I think you mean JOIN.

You'd need more than that: Postgresql uses MVCC for concurrency, so 
whenever you update any row in a table, the ordering of the rows 
within the table changes.  And the JOIN operation inherently is 
unordered - you need to sort the result deliberately to control 
ordering.

To emulate a column-store, at the very least you need a way to 
associate values from different "columns" that belong to the same 
"row" of the virtual table.  IOW, every value in every "column" needs 
an explicit "row" identifier.  E.g.,

   col1 = { rowid, value1 }, col2 = { rowid, value2 }, ...

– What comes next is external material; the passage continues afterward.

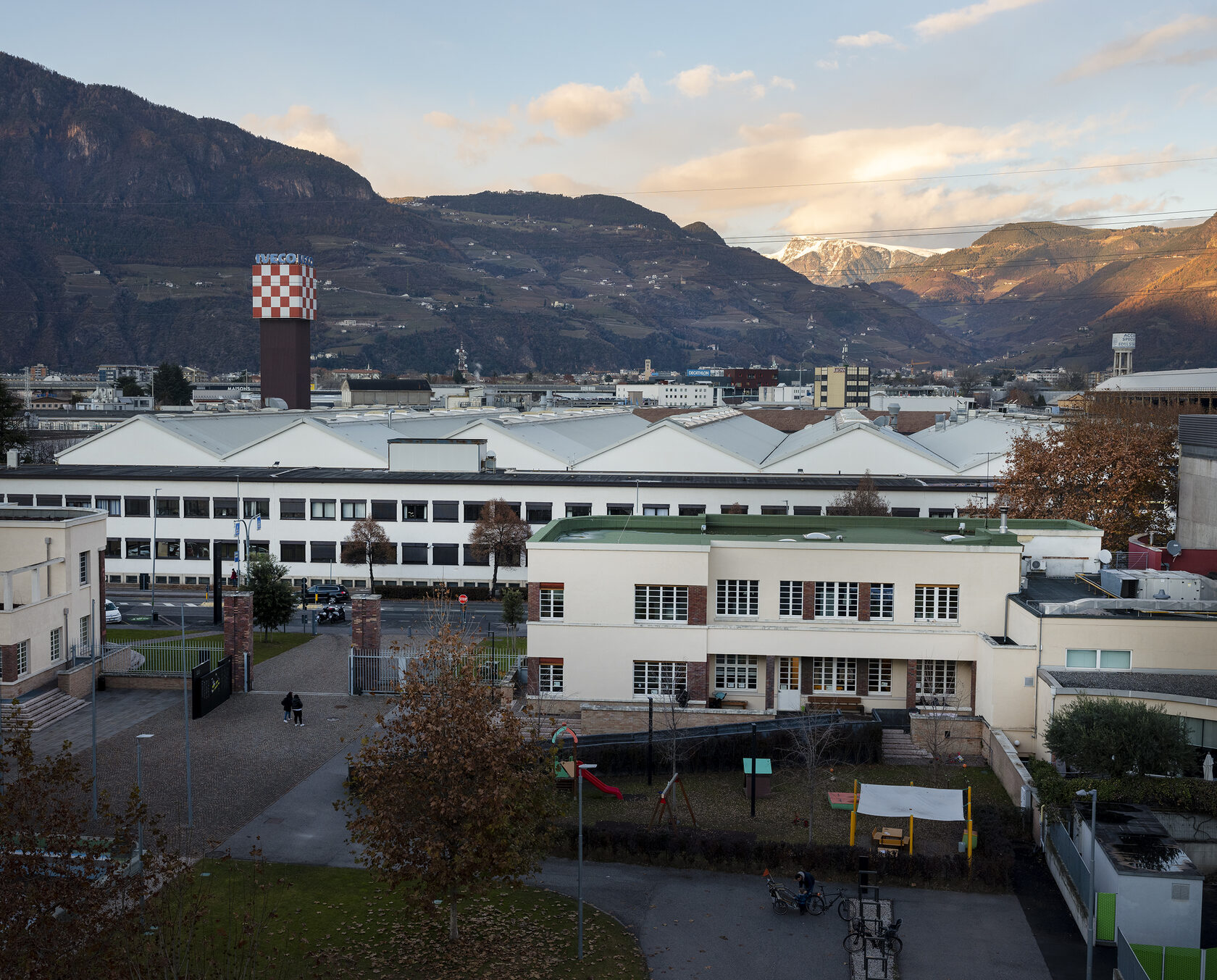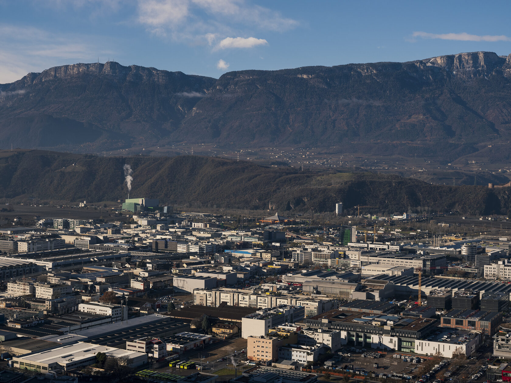 A general view of the Bolzano Industrial Area. Built in the 1930s on the confiscated land and expanded after WWII, it served as a major vehicle of the forced Italianization of South Tyrol. December 2023

For performance you would need to have indexes on at least the rowid 
in each of the "column" tables.

This is a bare minimum and can only work if the columns of your 
virtual table and the queries against it are application controlled or 
statically known.  If you want to do something more flexible that will 
support ad hoc table modifications, elastically sized values (strings, 
bytes, arrays, JSON, XML), etc. this example is not suffice and the 
implementation can get very complicated very quickly

Justin Pryzby was not joking when he said the performance could be 
awful ... at least as compared to a more normal row-oriented 
structure.  Performance of a query that involves more than a handful 
of "columns", in general, will be horrible.  It is up to you to decide 
whether some (maybe little) increase in performance in processing 
*single* columns will offset likely MASSIVE loss of performance in 
processing multiple columns.

Maybe take a look at this paper:

   http://db.csail.mit.edu/projects/cstore/abadi-sigmod08.pdf

which essentially compares this approach to a "real" column store.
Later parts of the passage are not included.